How to make a busy-board? Besides having few tools and some supplies – which helps – you also need a certain mindset. You can achieve it. Shift your view from adult perception to childish desire to fool around with things. Try to remember what you messed around with most when you were a toddler.
Did you turn off the light in WC all the time? Locked up anyone outdoor in freezing cold? Pulled the rotary phone off the hallway table?
Let’s refresh these emotions. A great way to find inspiration for DIY toys is children’s museums. Oversized objects and tactile experiences bring the childhood vibe back. Skip the science and go straight to interactive play installations. Usually it’s gears and wheels and construction blocks, but quite often they do get more creative. Let us share some of our favorite ideas.
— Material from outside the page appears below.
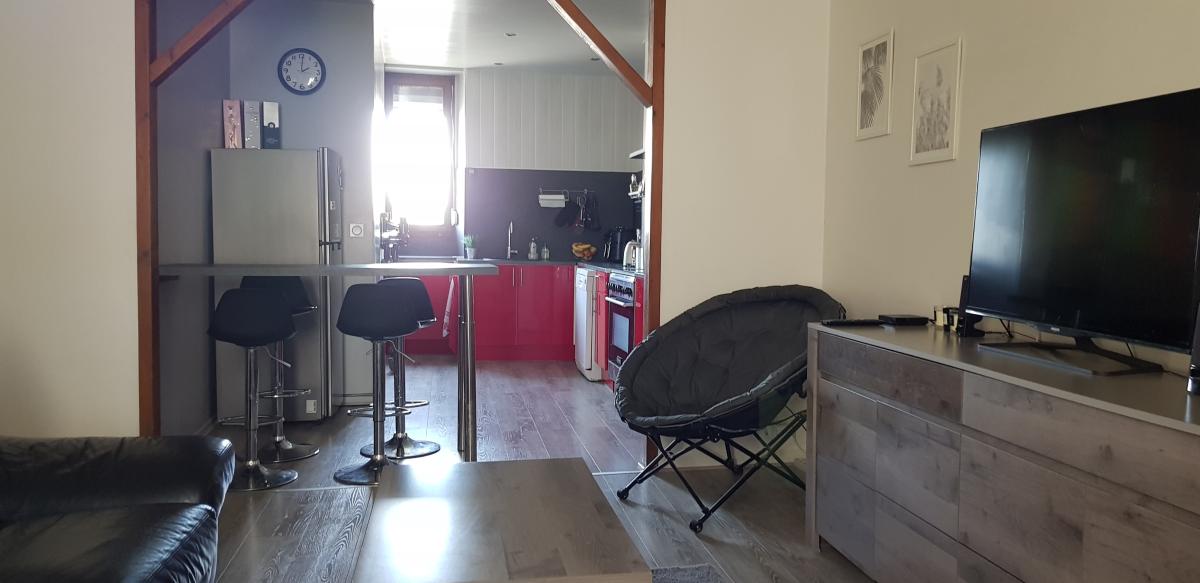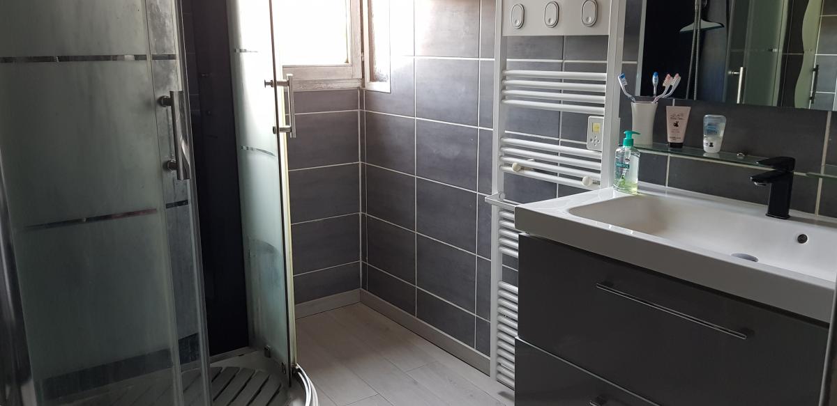 A l'étage : dégagement, salon, cuisine ouverte, trois chambres dont une avec dressing, salle de douches, water-closet.

A great idea on the intersection of interactive installation and building blocks. And clouds, of course! That’s exactly why it’s N1 on our list.
Nothing new about using cardboard and wine corks. But Tali did a great job by creating a unified space with holistic and stylish experience.
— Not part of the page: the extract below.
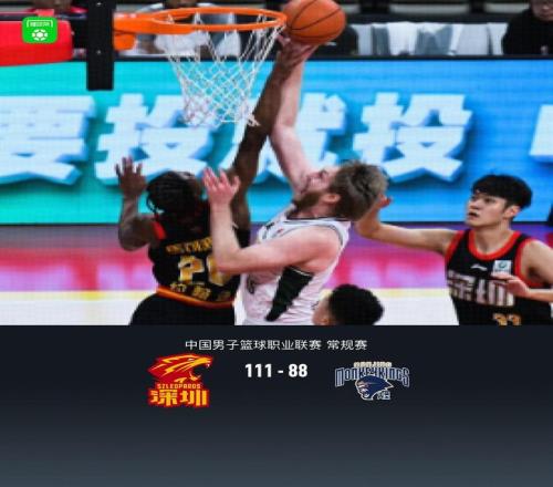第四节深圳武子涵拿下10分,同曦杰伦-汉斯拿下8分,最终深圳111-88战胜同曦

I love how this installation is so visual and stuffed with knowledge. And still on the fun side thanks to an abundance of the hands-on elements. It’s worth going all the way to Beijing!
This concept is perfect. How do you get the kid not to run away from you? You don’t. You loop the runway and stand there sipping your green tea while the kids are trotting by again and again. Genius!
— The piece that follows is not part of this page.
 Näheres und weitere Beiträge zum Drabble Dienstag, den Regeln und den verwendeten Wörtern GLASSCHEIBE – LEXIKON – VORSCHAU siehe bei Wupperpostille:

A marvelous piece. I adore how Madame Kusama found a way to document the transforming magic of children’s touch. A new challenge for me. I’d love to incorporate some elements with a similar effect into busy-boards. Gotta brainstorm about it!
Consider your upcoming busy-board your kid’s own private interactive work of art. And now, do your best! Try experimenting with shapes, sounds, forms, textures, materials, kinetics and visuals.
Maybe, you’d like to combine the parts on your busy board into funny faces to add emotional development – like here.
Or, set off an area of your busy board for stickers, photos, or flashcards.